- [Source material]:
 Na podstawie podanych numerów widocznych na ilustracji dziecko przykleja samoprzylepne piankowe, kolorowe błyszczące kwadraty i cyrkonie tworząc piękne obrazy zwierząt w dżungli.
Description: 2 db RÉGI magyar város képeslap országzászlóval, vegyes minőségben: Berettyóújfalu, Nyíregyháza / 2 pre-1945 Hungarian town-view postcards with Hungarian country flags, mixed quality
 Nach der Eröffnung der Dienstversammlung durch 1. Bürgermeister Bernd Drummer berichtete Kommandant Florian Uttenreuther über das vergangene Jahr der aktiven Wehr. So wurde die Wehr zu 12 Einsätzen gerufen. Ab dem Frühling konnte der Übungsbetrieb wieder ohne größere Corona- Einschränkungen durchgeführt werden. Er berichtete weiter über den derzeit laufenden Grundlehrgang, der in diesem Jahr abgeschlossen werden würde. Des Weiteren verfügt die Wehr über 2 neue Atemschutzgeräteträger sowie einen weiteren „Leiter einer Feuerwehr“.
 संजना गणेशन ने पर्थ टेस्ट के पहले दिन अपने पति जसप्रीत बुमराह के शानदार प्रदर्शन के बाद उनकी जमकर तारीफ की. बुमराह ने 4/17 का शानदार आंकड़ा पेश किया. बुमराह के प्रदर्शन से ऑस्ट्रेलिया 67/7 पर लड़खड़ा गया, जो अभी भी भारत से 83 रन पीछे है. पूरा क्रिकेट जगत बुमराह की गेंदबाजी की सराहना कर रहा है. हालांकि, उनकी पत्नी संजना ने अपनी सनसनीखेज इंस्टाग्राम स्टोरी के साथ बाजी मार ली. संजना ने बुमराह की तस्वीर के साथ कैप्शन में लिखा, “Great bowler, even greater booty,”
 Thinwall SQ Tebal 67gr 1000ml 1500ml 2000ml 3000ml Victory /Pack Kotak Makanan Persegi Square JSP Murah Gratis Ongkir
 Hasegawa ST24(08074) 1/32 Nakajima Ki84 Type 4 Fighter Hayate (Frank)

- [Task objective]:
Please give back only the lines between the first line of the entries and the line with "Nach der Eröffnung", both ends included, word for word.

- [Answer]:
 Na podstawie podanych numerów widocznych na ilustracji dziecko przykleja samoprzylepne piankowe, kolorowe błyszczące kwadraty i cyrkonie tworząc piękne obrazy zwierząt w dżungli.
Description: 2 db RÉGI magyar város képeslap országzászlóval, vegyes minőségben: Berettyóújfalu, Nyíregyháza / 2 pre-1945 Hungarian town-view postcards with Hungarian country flags, mixed quality
 Nach der Eröffnung der Dienstversammlung durch 1. Bürgermeister Bernd Drummer berichtete Kommandant Florian Uttenreuther über das vergangene Jahr der aktiven Wehr. So wurde die Wehr zu 12 Einsätzen gerufen. Ab dem Frühling konnte der Übungsbetrieb wieder ohne größere Corona- Einschränkungen durchgeführt werden. Er berichtete weiter über den derzeit laufenden Grundlehrgang, der in diesem Jahr abgeschlossen werden würde. Des Weiteren verfügt die Wehr über 2 neue Atemschutzgeräteträger sowie einen weiteren „Leiter einer Feuerwehr“.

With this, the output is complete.